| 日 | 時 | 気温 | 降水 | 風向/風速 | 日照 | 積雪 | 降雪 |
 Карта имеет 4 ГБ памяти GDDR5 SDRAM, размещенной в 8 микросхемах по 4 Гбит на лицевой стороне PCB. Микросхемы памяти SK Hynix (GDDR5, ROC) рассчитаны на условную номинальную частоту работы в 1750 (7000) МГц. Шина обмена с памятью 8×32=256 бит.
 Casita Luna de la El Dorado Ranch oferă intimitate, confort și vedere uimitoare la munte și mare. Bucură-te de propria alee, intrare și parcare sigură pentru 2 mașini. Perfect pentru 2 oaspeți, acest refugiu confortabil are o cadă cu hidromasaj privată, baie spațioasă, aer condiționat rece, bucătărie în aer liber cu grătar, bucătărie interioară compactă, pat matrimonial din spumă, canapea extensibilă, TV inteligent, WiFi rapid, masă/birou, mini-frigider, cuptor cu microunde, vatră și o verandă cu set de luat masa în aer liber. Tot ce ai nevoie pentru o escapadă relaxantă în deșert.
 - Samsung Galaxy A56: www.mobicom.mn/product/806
◆ ◆ ◆ ◆
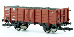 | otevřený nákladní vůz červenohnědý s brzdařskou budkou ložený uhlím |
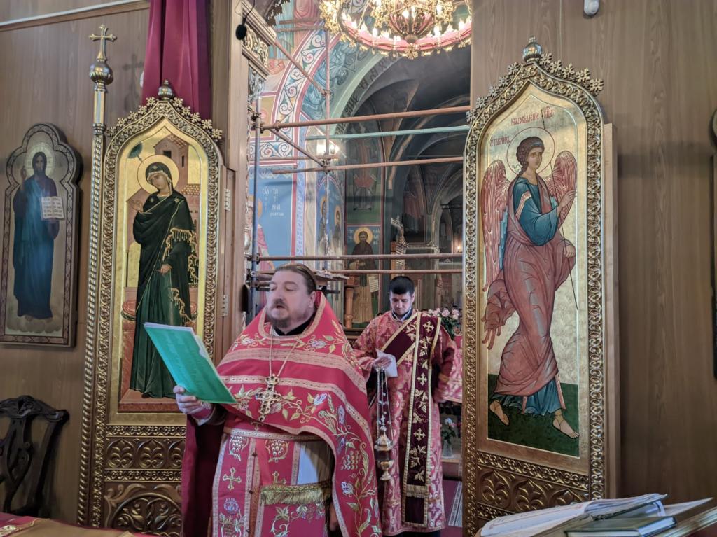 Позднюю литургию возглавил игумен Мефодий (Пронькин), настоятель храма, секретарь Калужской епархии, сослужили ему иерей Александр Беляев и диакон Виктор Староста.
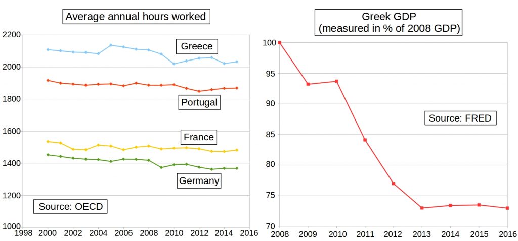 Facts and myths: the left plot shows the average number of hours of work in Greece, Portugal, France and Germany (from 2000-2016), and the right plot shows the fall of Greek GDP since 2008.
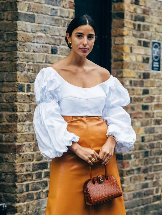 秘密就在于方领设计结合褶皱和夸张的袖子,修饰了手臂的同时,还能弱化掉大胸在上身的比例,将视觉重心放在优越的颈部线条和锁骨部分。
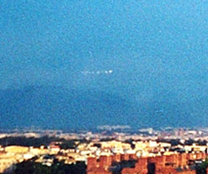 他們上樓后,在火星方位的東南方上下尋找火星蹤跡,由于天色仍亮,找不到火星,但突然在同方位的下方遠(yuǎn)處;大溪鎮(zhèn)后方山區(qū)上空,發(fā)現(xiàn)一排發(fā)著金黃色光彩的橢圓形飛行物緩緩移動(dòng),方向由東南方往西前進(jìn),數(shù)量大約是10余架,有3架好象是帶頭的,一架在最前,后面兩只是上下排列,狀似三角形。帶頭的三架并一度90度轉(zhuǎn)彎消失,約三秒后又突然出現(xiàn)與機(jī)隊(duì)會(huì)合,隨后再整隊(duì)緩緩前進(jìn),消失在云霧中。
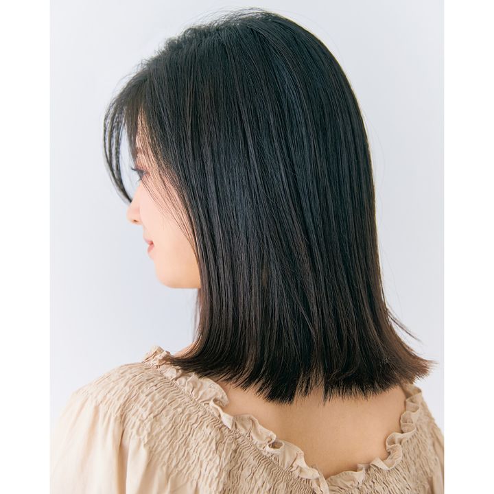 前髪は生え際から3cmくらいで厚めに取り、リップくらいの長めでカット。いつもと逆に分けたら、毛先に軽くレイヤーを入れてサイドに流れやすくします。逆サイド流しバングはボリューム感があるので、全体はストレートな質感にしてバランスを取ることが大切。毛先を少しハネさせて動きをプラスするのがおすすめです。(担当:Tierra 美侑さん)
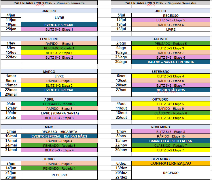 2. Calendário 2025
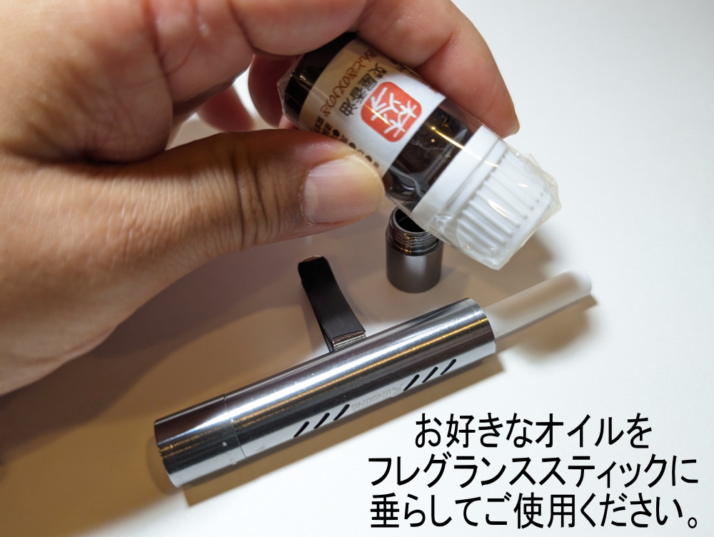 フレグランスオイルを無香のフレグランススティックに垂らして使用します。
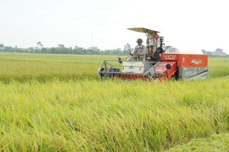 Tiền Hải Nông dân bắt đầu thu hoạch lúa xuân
◆ ◆ ◆ ◆
Task item: Within the listing above, copy exactly the lines that start at the one with "Facts and myths: the" and continue through the one with "他們上樓后,在火星方位的東南". Omit pictures.

Response area:
 Facts and myths: the left plot shows the average number of hours of work in Greece, Portugal, France and Germany (from 2000-2016), and the right plot shows the fall of Greek GDP since 2008.
 秘密就在于方领设计结合褶皱和夸张的袖子,修饰了手臂的同时,还能弱化掉大胸在上身的比例,将视觉重心放在优越的颈部线条和锁骨部分。
 他們上樓后,在火星方位的東南方上下尋找火星蹤跡,由于天色仍亮,找不到火星,但突然在同方位的下方遠(yuǎn)處;大溪鎮(zhèn)后方山區(qū)上空,發(fā)現(xiàn)一排發(fā)著金黃色光彩的橢圓形飛行物緩緩移動(dòng),方向由東南方往西前進(jìn),數(shù)量大約是10余架,有3架好象是帶頭的,一架在最前,后面兩只是上下排列,狀似三角形。帶頭的三架并一度90度轉(zhuǎn)彎消失,約三秒后又突然出現(xiàn)與機(jī)隊(duì)會(huì)合,隨后再整隊(duì)緩緩前進(jìn),消失在云霧中。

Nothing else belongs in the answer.